Gea terkekeh mendengar ucapannya sendiri, ah apakah aku sudah seperti pencabut nyawa saja bukan.
"Kenapa diem? Ada pesan terakhir?"
Dinda menatap mata Gea
"L..lo se.. sebenernya s siapa sih, lo psycho. Lo gila Ge."
berdecak
"Ck ck ck tadi kan gue udah bilang kalo gue emang gila, dan soal pertanyaan lo siapa gue?
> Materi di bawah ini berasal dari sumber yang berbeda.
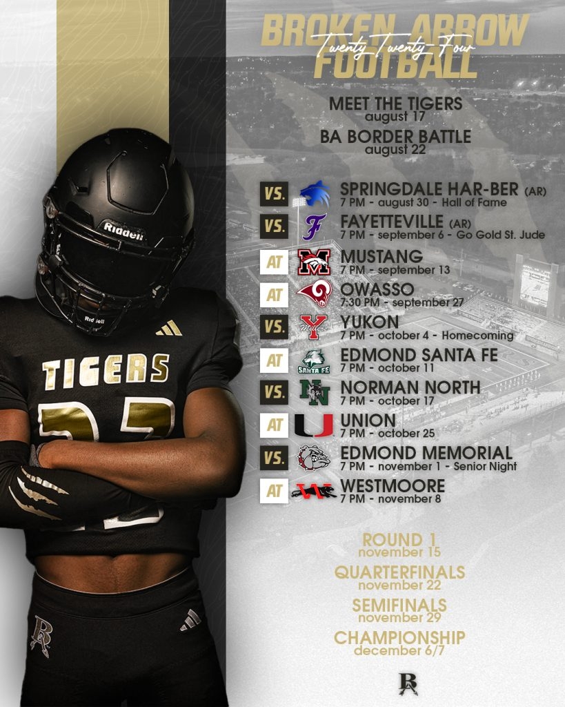 Broken Arrow Football Schedule Release 2024 BA Tiger Sports

Masa lo gak tau siapa gue, gue Algea Alexandra the nightmare."
Gea mundur beberapa langkah lalu jongkok
"Jangan nangis, percuma lo nangis juga. Ck udah kan basa-basinya, saatnya tuntasin tugas gue."
Bughh....bugh..bugh
Suara pukulan itu begitu keras sampai terdengar suara retakan tulang ..krakkk..
"Akhhh......"
Jeritan itu terdengar memilukan sebelum sang pemilik suara benar-benar tidak dapat bersuara lagi. Gea tersenyum.
"Permulaan yang bagus, kita lihat siapa selanjutnya."
Dia pergi begitu saja setelah mengabisinya, dia bahkan membiarkan mayatnya begitu saja.
Kembali ke mobil untuk mengambil sebuah botol yang berisi bensin lalu menyiramkannya pada pintu luar gudang itu.
Sebelum dia melemparkan satu batang korek api, setelahnya semuanya terbakar begitu saja. Dia langsung pergi begitu saja.